Please indicate the number of lines in the listing below that include the string "your"; add nothing else.
::: SOURCE MATERIAL :::
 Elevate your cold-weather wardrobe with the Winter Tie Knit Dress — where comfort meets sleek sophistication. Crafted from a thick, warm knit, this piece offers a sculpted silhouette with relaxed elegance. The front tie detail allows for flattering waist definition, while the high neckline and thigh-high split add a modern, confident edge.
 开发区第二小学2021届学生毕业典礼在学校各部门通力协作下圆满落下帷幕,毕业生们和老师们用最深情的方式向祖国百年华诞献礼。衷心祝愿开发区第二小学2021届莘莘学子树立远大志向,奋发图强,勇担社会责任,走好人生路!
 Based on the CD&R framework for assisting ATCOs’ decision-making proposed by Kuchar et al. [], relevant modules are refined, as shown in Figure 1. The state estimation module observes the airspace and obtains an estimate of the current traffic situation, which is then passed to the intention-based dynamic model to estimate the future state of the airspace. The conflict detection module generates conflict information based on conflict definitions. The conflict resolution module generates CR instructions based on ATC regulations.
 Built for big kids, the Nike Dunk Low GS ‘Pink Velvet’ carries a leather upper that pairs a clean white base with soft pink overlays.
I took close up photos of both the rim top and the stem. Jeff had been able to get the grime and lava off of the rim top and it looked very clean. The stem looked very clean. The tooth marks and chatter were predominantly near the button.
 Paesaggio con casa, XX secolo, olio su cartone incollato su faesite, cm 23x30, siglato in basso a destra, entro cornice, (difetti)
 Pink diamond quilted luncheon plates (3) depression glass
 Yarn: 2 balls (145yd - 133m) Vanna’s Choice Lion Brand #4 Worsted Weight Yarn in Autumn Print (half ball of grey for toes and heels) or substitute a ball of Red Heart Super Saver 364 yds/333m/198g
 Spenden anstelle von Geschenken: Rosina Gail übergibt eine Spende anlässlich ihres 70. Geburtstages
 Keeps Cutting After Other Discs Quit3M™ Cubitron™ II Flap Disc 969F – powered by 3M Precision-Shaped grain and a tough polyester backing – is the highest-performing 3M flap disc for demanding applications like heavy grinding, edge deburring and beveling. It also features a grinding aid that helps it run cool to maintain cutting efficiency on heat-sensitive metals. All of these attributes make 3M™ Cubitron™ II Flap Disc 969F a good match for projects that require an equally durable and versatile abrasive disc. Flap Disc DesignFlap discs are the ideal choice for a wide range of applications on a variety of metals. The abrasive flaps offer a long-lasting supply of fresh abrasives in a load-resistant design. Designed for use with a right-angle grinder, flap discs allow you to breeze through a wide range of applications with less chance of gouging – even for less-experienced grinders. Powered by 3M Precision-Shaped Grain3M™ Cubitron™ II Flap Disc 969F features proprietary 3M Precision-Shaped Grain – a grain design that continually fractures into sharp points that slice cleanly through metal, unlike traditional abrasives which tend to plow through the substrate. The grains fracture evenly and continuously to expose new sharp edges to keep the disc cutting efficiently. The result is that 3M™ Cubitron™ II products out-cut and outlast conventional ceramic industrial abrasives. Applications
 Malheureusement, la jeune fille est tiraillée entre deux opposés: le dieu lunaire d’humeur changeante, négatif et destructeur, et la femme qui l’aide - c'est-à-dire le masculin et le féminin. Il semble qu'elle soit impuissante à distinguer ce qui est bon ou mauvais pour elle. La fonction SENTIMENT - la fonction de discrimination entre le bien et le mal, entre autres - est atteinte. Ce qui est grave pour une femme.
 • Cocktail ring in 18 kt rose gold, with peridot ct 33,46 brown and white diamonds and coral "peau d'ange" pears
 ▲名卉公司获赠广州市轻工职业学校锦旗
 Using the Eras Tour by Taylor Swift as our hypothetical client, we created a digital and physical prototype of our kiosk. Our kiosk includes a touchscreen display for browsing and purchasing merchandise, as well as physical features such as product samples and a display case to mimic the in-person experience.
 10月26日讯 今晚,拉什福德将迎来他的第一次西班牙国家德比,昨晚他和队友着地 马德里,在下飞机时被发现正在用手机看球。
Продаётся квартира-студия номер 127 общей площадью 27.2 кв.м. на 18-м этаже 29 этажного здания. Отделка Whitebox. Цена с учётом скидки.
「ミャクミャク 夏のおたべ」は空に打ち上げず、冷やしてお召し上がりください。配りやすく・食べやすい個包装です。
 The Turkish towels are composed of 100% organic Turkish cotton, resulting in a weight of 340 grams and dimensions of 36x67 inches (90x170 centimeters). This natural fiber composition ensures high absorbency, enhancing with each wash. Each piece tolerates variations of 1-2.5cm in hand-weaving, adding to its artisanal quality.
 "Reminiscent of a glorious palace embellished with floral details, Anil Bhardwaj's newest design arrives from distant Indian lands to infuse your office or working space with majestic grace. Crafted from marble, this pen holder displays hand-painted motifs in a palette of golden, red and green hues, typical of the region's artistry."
:::
**SOLUTION TO THE EXERCISE:** 2